Almost nobody buys on the first visit. A typical sale looks like: someone sees a Facebook ad, later searches for us, then a week on clicks an email and buys. So which channel earned it? There is no single right answer, so we show three fair ways to split the credit (the buttons above). A channel you can trust looks good no matter which rule you pick. The revenue split comes from Google Analytics (which channel drove each purchase); the ROAS uses your real ad spend.
The last click gives 100% of the credit to the last non-direct channel before the purchase. If someone just typed our address, we credit the click before it. This is GA4's default and a good baseline.

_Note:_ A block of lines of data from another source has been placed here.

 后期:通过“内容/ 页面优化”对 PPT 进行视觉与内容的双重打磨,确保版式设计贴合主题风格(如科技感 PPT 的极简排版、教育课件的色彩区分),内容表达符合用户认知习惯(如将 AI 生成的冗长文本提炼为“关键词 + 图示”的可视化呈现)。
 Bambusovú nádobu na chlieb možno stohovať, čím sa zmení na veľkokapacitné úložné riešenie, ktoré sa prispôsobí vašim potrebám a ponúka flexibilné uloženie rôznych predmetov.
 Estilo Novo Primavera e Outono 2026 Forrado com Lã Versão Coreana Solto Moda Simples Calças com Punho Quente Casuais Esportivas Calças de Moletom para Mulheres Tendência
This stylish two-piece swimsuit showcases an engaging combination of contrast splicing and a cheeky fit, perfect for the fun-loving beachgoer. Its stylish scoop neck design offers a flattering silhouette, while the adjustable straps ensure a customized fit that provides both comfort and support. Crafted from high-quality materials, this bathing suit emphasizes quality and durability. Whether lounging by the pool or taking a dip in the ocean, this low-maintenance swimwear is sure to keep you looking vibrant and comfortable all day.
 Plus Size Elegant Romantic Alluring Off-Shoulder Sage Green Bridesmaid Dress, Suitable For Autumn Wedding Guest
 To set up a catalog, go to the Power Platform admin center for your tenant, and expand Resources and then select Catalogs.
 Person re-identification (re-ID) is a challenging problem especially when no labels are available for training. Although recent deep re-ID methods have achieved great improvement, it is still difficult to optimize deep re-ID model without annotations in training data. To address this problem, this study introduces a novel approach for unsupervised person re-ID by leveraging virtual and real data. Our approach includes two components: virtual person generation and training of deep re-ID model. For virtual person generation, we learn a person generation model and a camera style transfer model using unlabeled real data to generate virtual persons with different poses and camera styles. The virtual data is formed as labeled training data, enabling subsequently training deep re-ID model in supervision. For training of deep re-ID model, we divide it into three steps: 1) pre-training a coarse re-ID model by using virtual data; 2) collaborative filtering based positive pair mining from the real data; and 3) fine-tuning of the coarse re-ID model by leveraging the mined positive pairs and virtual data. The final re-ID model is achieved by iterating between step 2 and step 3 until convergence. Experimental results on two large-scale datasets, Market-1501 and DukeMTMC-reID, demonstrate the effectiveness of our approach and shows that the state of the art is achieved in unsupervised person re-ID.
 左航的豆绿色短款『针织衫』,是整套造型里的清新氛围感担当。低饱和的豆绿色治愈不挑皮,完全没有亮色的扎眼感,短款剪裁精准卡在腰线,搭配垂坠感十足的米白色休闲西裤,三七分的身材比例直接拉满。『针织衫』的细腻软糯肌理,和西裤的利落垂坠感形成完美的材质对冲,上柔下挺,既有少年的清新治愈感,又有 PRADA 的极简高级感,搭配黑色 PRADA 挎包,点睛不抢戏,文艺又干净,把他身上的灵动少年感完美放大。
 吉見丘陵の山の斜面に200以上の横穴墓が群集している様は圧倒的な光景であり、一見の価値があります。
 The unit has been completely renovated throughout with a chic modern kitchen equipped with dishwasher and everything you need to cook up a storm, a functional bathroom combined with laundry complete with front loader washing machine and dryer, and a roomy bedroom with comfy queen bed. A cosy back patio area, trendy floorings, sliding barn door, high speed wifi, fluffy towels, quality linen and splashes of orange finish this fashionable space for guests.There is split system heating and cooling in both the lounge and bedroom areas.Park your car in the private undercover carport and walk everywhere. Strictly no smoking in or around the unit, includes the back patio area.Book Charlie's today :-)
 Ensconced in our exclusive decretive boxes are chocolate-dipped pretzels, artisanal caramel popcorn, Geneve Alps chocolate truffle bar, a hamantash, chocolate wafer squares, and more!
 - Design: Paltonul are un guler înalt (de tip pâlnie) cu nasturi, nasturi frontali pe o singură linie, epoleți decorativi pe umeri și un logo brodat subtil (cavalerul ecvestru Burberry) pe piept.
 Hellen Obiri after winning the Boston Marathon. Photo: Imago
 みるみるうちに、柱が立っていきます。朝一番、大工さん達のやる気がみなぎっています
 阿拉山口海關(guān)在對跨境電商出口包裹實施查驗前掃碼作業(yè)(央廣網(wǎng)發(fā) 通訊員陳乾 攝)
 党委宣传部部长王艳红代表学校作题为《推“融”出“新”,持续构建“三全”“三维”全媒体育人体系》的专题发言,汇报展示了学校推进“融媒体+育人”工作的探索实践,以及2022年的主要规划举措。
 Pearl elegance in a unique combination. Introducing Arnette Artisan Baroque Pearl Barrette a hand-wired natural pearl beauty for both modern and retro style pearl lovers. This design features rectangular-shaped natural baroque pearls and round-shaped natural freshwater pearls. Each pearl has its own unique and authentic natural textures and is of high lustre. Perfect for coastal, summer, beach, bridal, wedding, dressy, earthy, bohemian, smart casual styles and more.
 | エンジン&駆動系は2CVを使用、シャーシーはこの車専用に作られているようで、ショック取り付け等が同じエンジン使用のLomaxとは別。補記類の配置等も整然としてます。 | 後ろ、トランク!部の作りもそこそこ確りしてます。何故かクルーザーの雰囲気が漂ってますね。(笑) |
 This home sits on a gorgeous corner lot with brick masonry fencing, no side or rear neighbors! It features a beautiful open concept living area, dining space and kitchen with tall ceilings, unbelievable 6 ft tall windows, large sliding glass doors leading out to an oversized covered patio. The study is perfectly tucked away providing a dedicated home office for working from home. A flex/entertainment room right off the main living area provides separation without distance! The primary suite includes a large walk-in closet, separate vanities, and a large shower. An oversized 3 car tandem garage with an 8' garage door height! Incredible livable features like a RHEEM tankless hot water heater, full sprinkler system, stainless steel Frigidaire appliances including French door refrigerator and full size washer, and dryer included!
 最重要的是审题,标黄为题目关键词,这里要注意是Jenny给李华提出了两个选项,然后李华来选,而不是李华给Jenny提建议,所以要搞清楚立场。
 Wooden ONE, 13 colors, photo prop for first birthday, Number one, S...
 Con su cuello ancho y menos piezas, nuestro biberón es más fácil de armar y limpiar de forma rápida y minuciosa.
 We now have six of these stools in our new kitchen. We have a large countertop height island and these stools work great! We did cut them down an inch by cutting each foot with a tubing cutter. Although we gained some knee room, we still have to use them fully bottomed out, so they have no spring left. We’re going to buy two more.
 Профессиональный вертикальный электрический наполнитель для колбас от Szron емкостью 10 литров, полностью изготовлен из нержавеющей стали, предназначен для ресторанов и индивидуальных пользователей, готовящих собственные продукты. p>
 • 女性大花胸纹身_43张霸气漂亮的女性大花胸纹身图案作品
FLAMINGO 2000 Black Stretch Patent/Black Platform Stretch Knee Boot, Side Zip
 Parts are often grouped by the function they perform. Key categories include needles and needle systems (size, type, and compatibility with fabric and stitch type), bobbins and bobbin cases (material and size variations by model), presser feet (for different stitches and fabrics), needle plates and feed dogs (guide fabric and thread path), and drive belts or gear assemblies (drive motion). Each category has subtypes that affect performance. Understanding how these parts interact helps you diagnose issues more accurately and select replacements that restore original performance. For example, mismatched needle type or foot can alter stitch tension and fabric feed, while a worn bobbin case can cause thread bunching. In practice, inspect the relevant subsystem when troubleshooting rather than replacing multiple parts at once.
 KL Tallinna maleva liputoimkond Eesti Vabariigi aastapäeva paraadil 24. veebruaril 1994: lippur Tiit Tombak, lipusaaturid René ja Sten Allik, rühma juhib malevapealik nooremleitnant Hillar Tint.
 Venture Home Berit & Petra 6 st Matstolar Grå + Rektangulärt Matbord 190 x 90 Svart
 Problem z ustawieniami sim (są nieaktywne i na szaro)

What it argues for: This rule rewards closing, the channels people come back through to buy.
Under this closing lens, the channels people return through to buy look strongest. Do not cut the openers just because they score low here, check first-touch too.
Full purchase journeys (the real sequence of touches per buyer) come from our own first-party tracking, which only started recently. Once enough orders have a complete tracked path, this section fills in with measured sequences, coverage-labeled, no guesswork. The channel split above does not need it, it uses Google Analytics.
The header and the channel split are live and reconcile to WooCommerce. Facebook spend appears once the Meta ad account is connected (until then its spend reads $0 and MER is understated because its cost is missing). Trade-show and wholesale sales are not connected yet, so they are left out entirely, not estimated.